• _Task_
From the first line to the last, restate the material word for word, omitting pictures.

• _Dataset excerpt_
* * * *

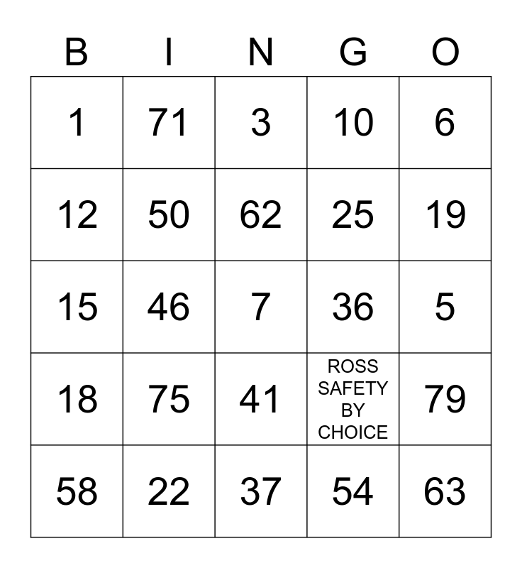 This bingo card has 25 words: 75, 37, 62, 58, 6, 1, 12, 71, 36, 41, 25, 15, ROSS SAFETY BY CHOICE, 79, 50, 63, 5, 3, 19, 46, 7, 22, 18, 10 and 54.
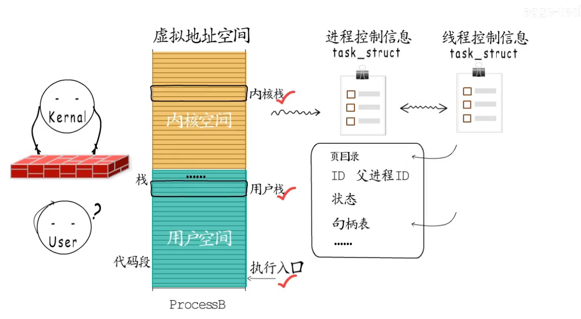 内核空间由所有进程的地址空间共享,但是用户程序不能直接访问内核空间。操作系统保存的进程控制信息自然是在内核空间,这里除了页目录以外,还可以找到很多重要的内容,例如进程和父进程的ID 状态,打开文件句柄表等等。
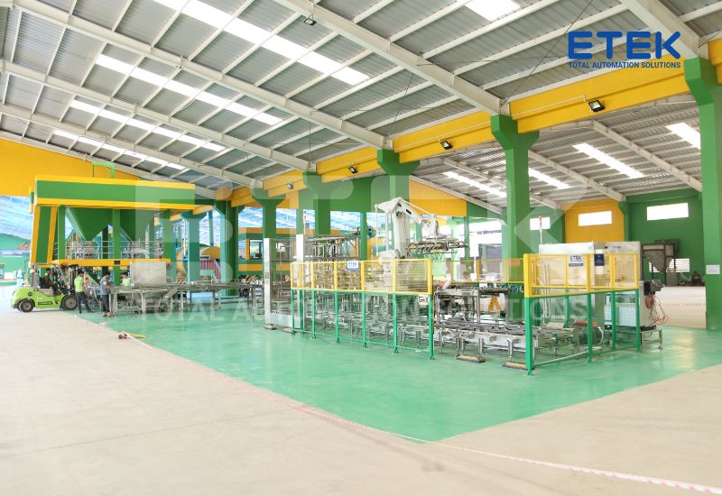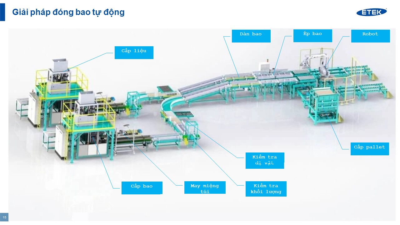 ETEK đã phát triển thành công một dây chuyền đóng bao hoàn toàn tự động, có khả năng đạt công suất lên đến 1200 bao mỗi giờ. Hệ thống tự động này tích hợp nhiều thiết bị và công nghệ tiên tiến, từ hệ thống băng tải vận chuyển tự động, máy in bao, hệ thống kiểm tra thông tin và cân trọng lượng tự động, đến tính năng phát hiện và loại bỏ bao lỗi.

* * * *

• _Response to this task_
 This bingo card has 25 words: 75, 37, 62, 58, 6, 1, 12, 71, 36, 41, 25, 15, ROSS SAFETY BY CHOICE, 79, 50, 63, 5, 3, 19, 46, 7, 22, 18, 10 and 54.
 内核空间由所有进程的地址空间共享,但是用户程序不能直接访问内核空间。操作系统保存的进程控制信息自然是在内核空间,这里除了页目录以外,还可以找到很多重要的内容,例如进程和父进程的ID 状态,打开文件句柄表等等。
 ETEK đã phát triển thành công một dây chuyền đóng bao hoàn toàn tự động, có khả năng đạt công suất lên đến 1200 bao mỗi giờ. Hệ thống tự động này tích hợp nhiều thiết bị và công nghệ tiên tiến, từ hệ thống băng tải vận chuyển tự động, máy in bao, hệ thống kiểm tra thông tin và cân trọng lượng tự động, đến tính năng phát hiện và loại bỏ bao lỗi.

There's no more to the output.